▶ _Problem statement_:
Within the entries below, output exactly the lines between the line containing "カラットを使用して1回限り、" and the line containing "l灯具DC24V最大并接50", inclusive, and omit any picture.

▶ _Records provided_:
----------------
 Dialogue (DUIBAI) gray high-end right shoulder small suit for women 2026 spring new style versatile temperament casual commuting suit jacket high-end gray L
----------------
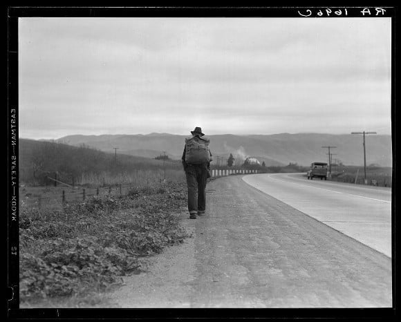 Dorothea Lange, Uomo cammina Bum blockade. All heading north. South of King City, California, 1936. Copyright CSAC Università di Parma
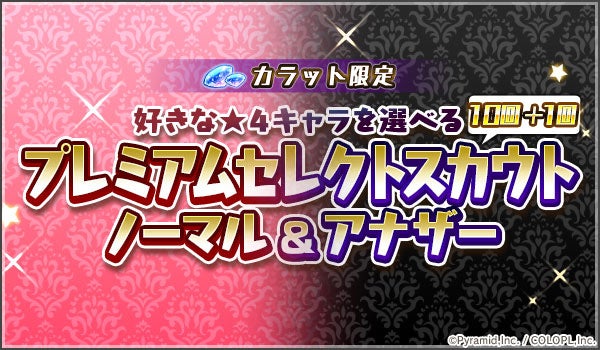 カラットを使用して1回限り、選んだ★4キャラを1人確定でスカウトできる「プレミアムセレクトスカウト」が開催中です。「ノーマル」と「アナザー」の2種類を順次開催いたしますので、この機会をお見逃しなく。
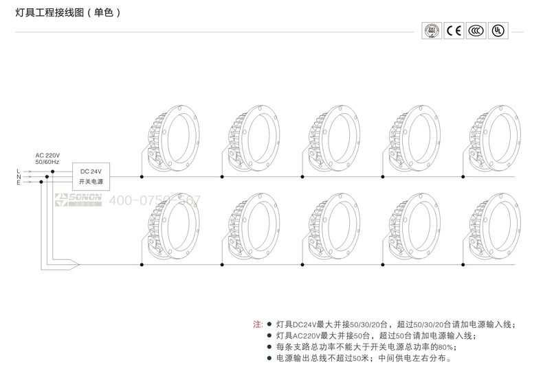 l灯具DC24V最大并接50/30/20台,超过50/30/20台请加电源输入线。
----------------
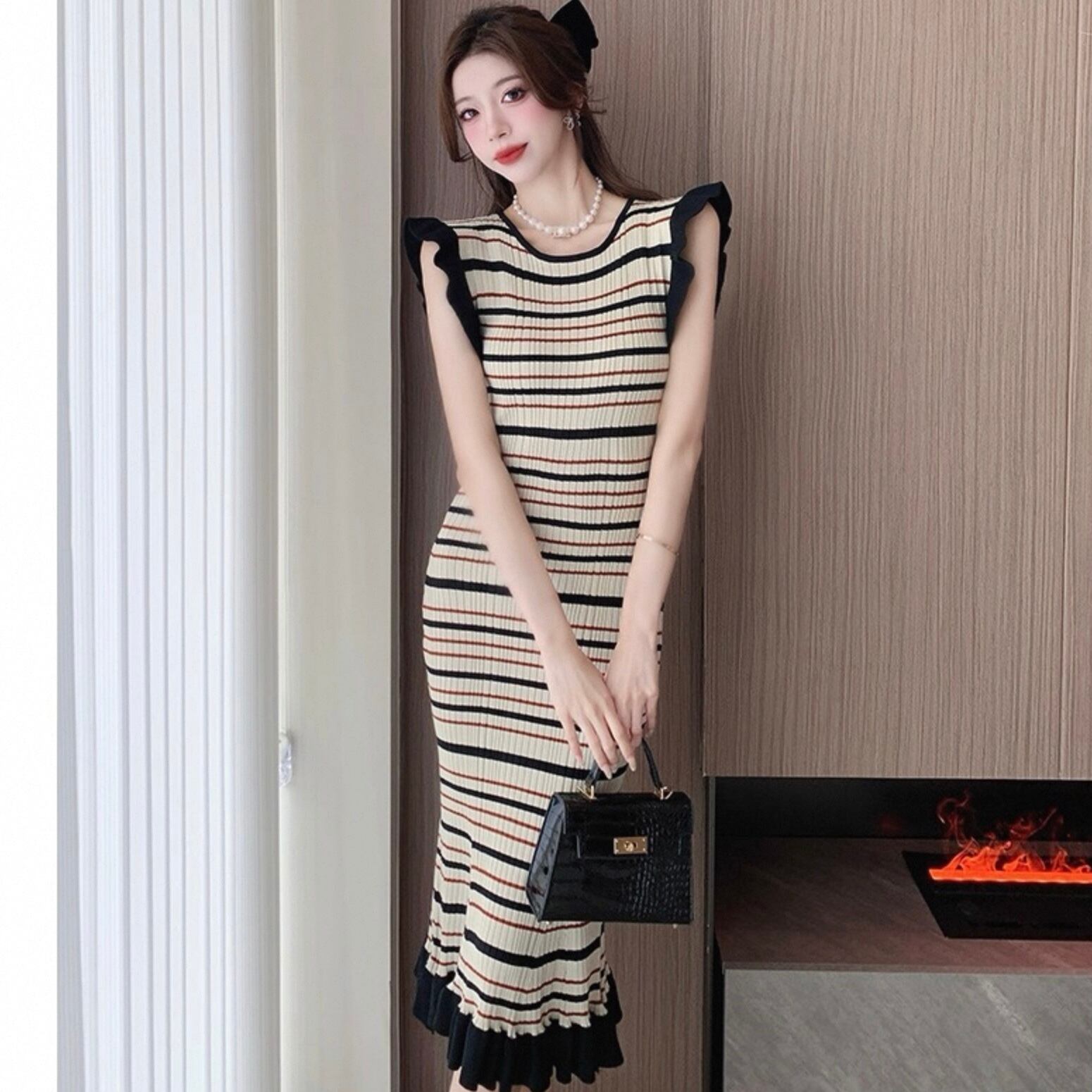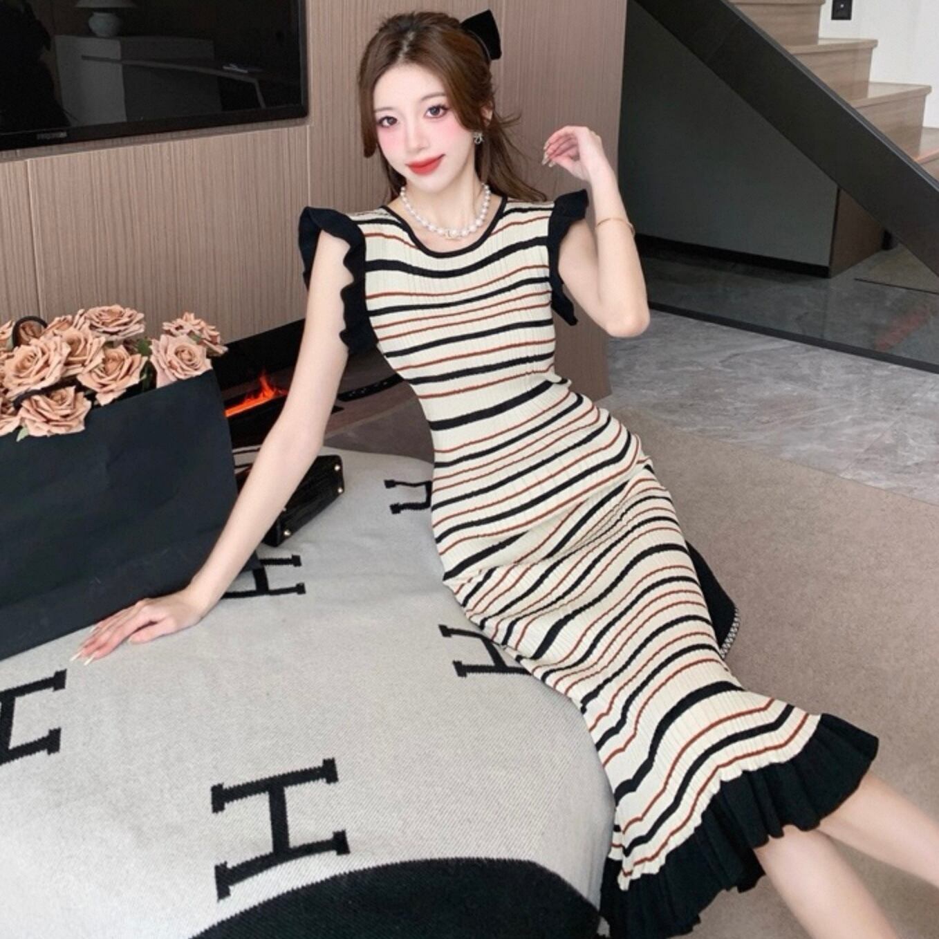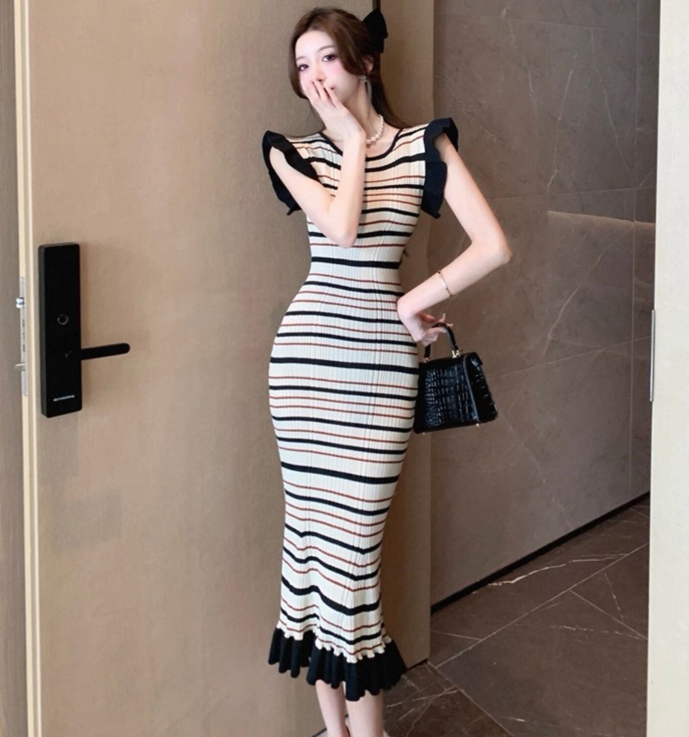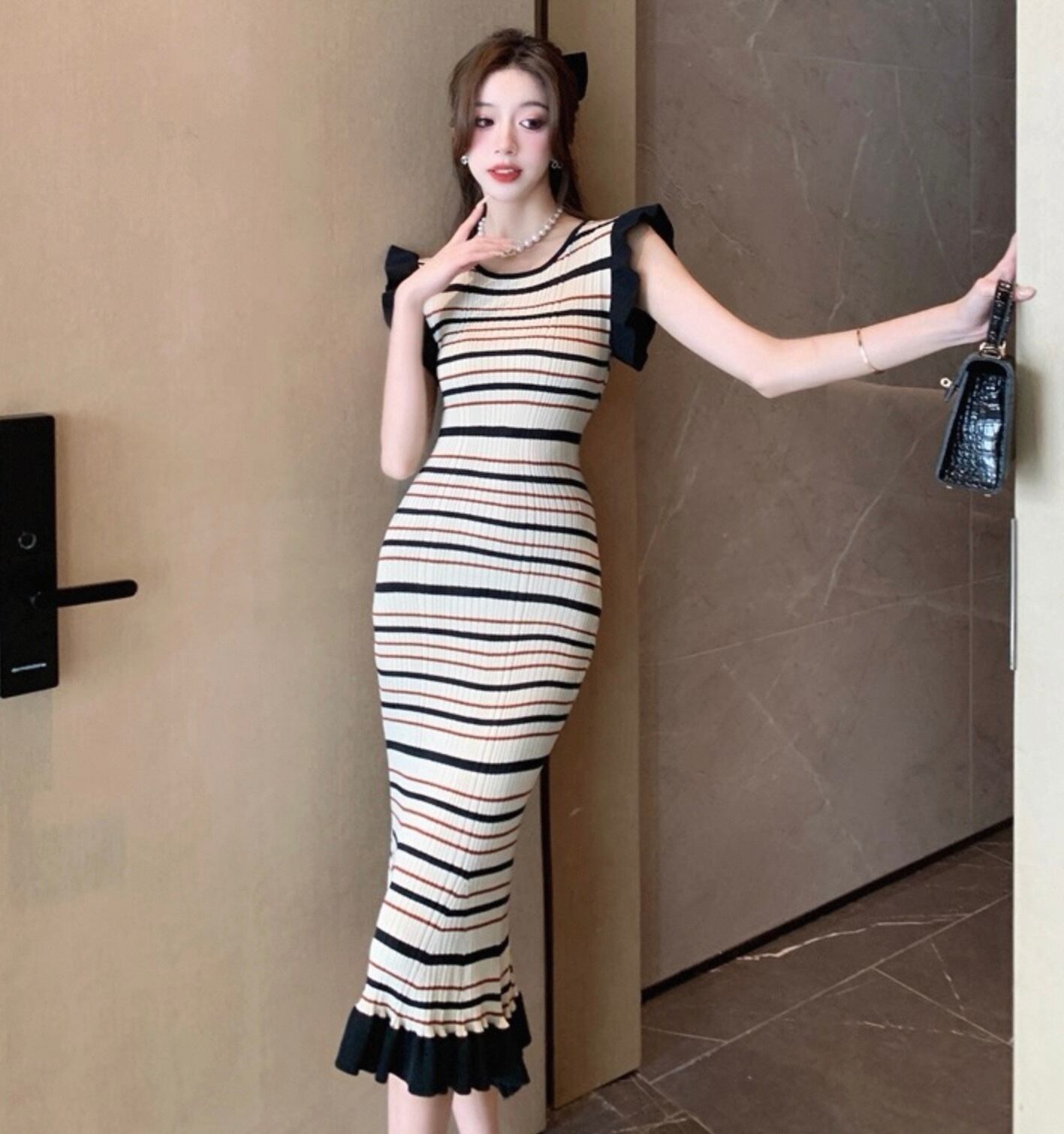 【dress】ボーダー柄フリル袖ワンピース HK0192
----------------
▶ _Result of the exercise_:
 カラットを使用して1回限り、選んだ★4キャラを1人確定でスカウトできる「プレミアムセレクトスカウト」が開催中です。「ノーマル」と「アナザー」の2種類を順次開催いたしますので、この機会をお見逃しなく。
 l灯具DC24V最大并接50/30/20台,超过50/30/20台请加电源输入线。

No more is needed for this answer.